The shareholder survey showed overwhelming support for a change of management.

  • Tim Somerville wrote a letter to the directors on 26 June 2025, seeking a meeting to discuss matters including reorganising the board without the need for the formalities of an EGM. A response was requested by 30 June, but no response or acknowledgment was received.
  • Very shortly after the letter of 26 June was sent, Michael Hoy telephoned a shareholder we had been proposing to nominate as one of the new directors. Michael Hoy offered for him to be appointed as a director immediately, but on the basis that he would not be entitled to provide any information to the other shareholders without the consent of the existing directors. Michael Hoy  requested him to ask us to put our actions on hold for two months.
  • A videoconference  of the Shareholders Advisory Committee and proposed new directors was held on 3 July. The proposal for a two-month delay referred to above was discussed. It was decided that a two-month delay would give no benefit to the shareholders, and the proposal was not accepted. The committee decided that we should proceed to call for an EGM, to remove Michael Hoy as a director, and appoint three new directors in accordance with the wishes of the shareholders expressed in the survey.

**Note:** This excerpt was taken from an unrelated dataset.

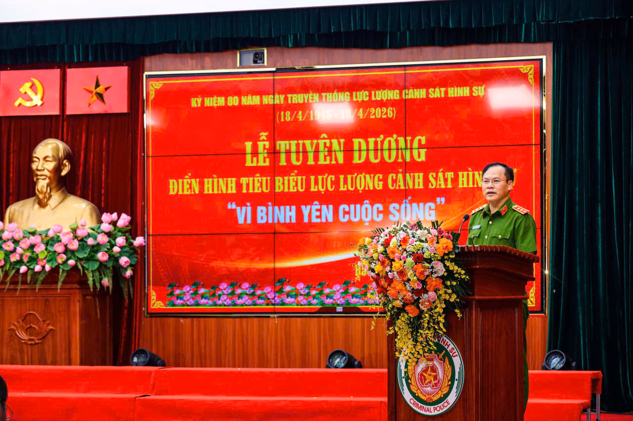 (PLVN) - Nhân dịp kỷ niệm 80 năm Ngày truyền thống lực lượng Cảnh sát hình sự (18/4/1974 - 18/4/2026), ngày 18/4, Cục Cảnh sát hình sự (Bộ Công an) đã tổ chức Lễ tuyên dương các điển hình tiêu biểu với chủ đề “Vì bình yên cuộc sống”. Thượng tá Nguyễn Văn Hiển - Phó Phòng Hình sự Công an TP Hải Phòng đã được vinh danh tại buổi Lễ này.

The signed consents of the three new directors are being arranged, and the formal documentation calling for the meeting will be served on the company in the next few days.
  • Tim Somerville has just completed emailing each of the shareholders whose email addresses appear on the share register, informing them of the existence of this website.
  • On 16 July, Michelle Miller wrote to the ASX, announcing that Michael Medway had been appointed as a non-executive director of the company. While Michael is well qualified to be a director, no reason has been provided as to why he was appointed at this time.
  • On 23 July, the consents of the three new proposed directors were served by hand at the registered office of Biotron Ltd in Sydney. The constitution requires that those consents be served at least six weeks prior to the meeting at which the directors are elected. The Corporations Act requires that at least 28 days’ notice of a shareholders’ meeting must be given.